Your task:
Transcribe the data that follows without changing a word, and omit the pictures.

*** Information shown Section Begins ***

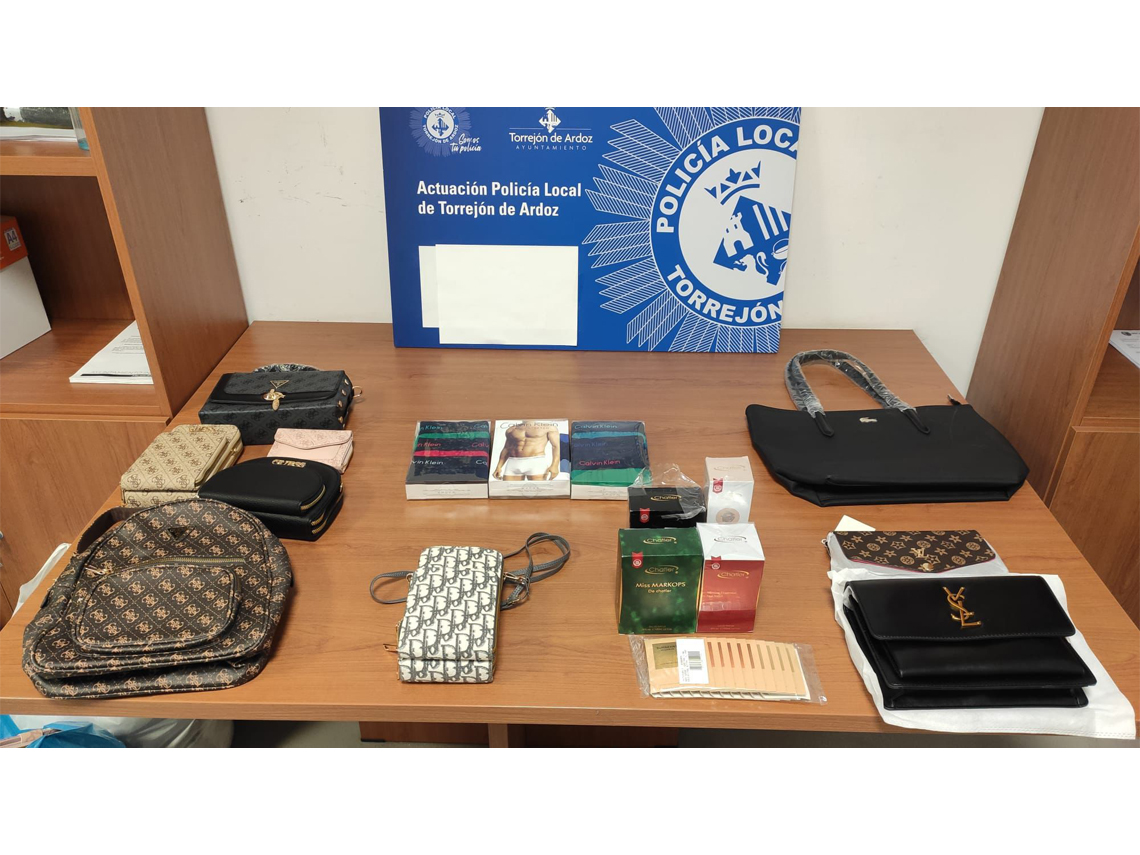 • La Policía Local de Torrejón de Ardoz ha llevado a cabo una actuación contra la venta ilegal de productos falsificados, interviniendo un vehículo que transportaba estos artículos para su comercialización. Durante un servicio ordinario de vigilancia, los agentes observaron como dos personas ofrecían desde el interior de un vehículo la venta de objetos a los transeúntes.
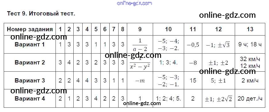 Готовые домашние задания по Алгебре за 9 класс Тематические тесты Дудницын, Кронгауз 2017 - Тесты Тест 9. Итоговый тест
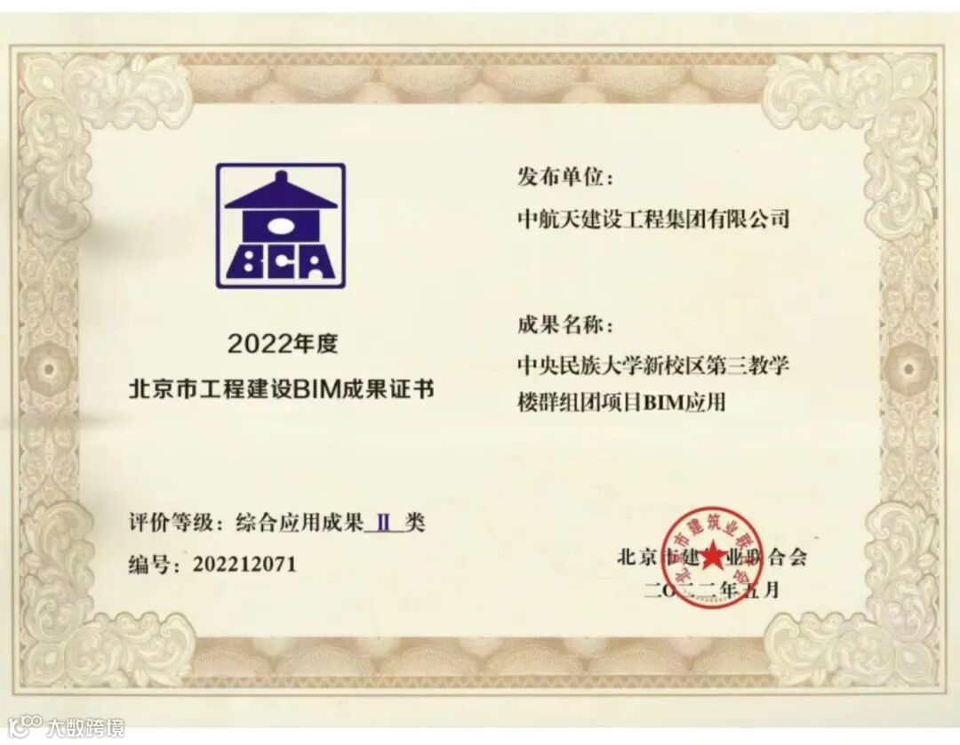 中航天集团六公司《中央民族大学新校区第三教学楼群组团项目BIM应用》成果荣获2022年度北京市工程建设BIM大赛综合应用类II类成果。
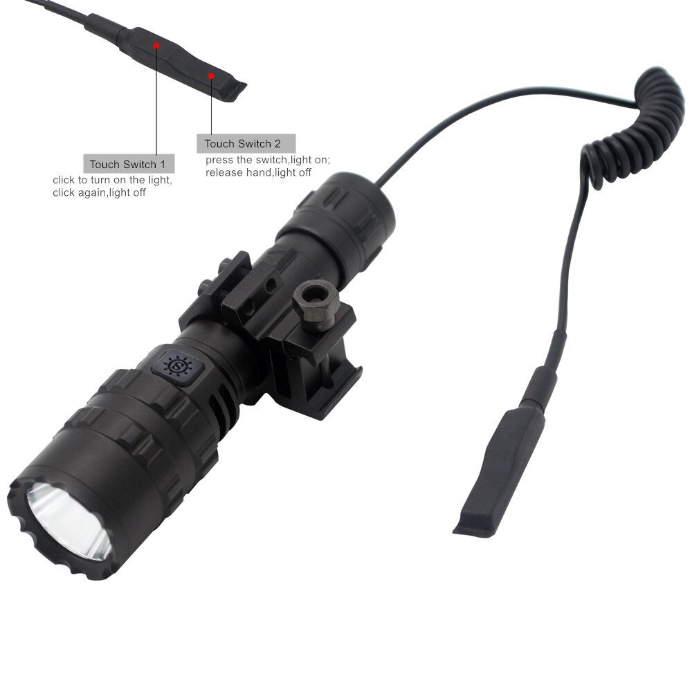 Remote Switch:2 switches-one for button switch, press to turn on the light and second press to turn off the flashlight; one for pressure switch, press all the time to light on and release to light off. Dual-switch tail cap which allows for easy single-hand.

*** Information shown Section Ends ***

Written response:
 • La Policía Local de Torrejón de Ardoz ha llevado a cabo una actuación contra la venta ilegal de productos falsificados, interviniendo un vehículo que transportaba estos artículos para su comercialización. Durante un servicio ordinario de vigilancia, los agentes observaron como dos personas ofrecían desde el interior de un vehículo la venta de objetos a los transeúntes.
 Готовые домашние задания по Алгебре за 9 класс Тематические тесты Дудницын, Кронгауз 2017 - Тесты Тест 9. Итоговый тест
 中航天集团六公司《中央民族大学新校区第三教学楼群组团项目BIM应用》成果荣获2022年度北京市工程建设BIM大赛综合应用类II类成果。
 Remote Switch:2 switches-one for button switch, press to turn on the light and second press to turn off the flashlight; one for pressure switch, press all the time to light on and release to light off. Dual-switch tail cap which allows for easy single-hand.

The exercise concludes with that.